In recent years, a number of rare disease drugs have been approved for marketing and included in the national medical insurance catalog through negotiation, which will further encourage innovative investment by pharmaceutical companies while solving the problem of patient drug payment.

  On the occasion of the 15th International Rare Disease Day, Sullivan and the Pain Challenge Foundation released the "2022 China Rare Disease Industry Trend Observation Report" (hereinafter referred to as the "Report") on the 27th.

The "Report" studies and judges trends from the perspectives of rare disease drug research and development, supply guarantee, capital investment, and comprehensive service system, among which drug research and development is the focus.

  According to the "Report", the clinical development success rate of rare disease drugs is higher than that of other disease drugs, which will further encourage pharmaceutical companies to invest in innovation.

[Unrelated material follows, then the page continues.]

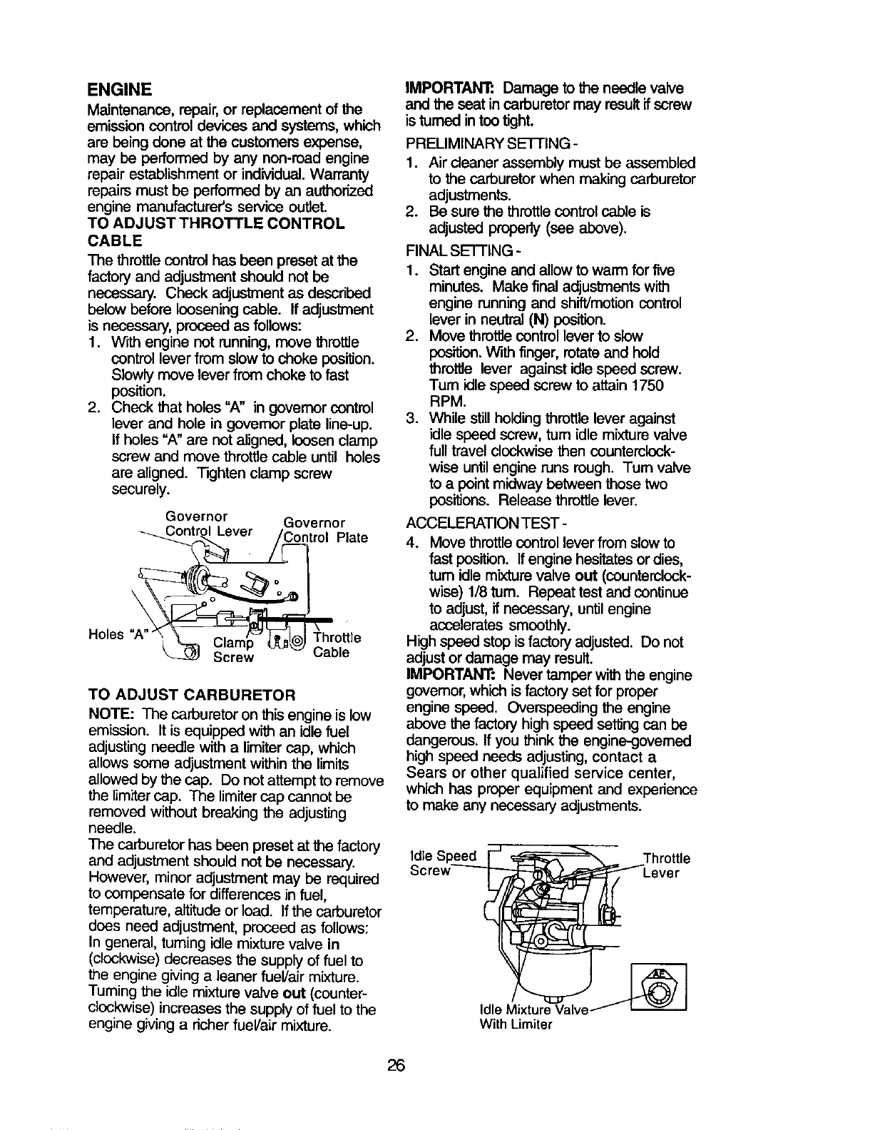 711 690703 Screw (Carburetor Shield) RPM Settings: Low Speed: 1900-2100

  In detail, the success rate of rare disease drugs in clinical phases I to II is 67%, 52% for all disease drugs, 44.6% for rare disease drugs in clinical phases II to III, and 28.9% for all disease drugs .

  From the perspective of the whole cycle from research and development to marketing, the success rate of rare disease drugs from clinical phase I to approval is 17%, while the success rate of research and development for all diseases is 7.9%, which is only half of rare disease drugs.

  To this end, Mao Hua, partner and managing director of Sullivan Greater China, said in an interview with China Business News that the increase in the success rate of clinical research and development of rare disease drugs, on the one hand, means that pharmaceutical companies are exploring the pathogenesis of rare diseases, More attention is paid to basic research. On the other hand, emerging technologies such as gene therapy are also providing strong support in cooperation with the research on the pathogenesis of rare diseases, and speeding up the research and development process.

  The "Report" also stated that top-level favorable policies provide direction for the strategic layout of pharmaceutical companies.

For example, overseas rare disease drugs can be exempted from clinical trials by being included in "urgent clinical need" or evaluated by CDE (the Center for Drug Evaluation of the State Food and Drug Administration) to meet the requirements of being safe, effective and non-racial, thus exempting from clinical trials; these greatly shorten the time for overseas rare diseases. The launch time of new drugs in China has increased the enthusiasm of pharmaceutical companies to introduce new drugs for rare diseases.

  The "Report" also shows that in addition to independent research and development, companies also tend to introduce overseas clinical Phase II to III projects to lay out product pipelines.

For example, Beihai Kangcheng, a biopharmaceutical company specializing in the field of rare diseases, has 13 innovative product pipelines for rare diseases with a large number of patients and rare tumor indications, of which 3 products have been launched and 4 products have entered clinical trials. Stage; Shufang Pharmaceutical also announced in January this year that it has reached a cooperation with Santhera Pharmaceuticals to obtain the rights to develop and commercialize the new rare disease drug Vamorolone in Greater China.

  Mao Hua told reporters that for drugs with clear indications, domestic pharmaceutical companies will still focus on original research and rarely make generic drugs; this is because many rare diseases still lack clear indications for the treatment of drugs, and most of them are in the In research and development, domestic pharmaceutical companies have the opportunity to stand out, and my country has also opened a green channel for innovative drugs to be listed.

For drugs that have been approved globally, they still have a long patent protection period. In the future, domestic pharmaceutical companies can also introduce foreign drugs to achieve patient accessibility.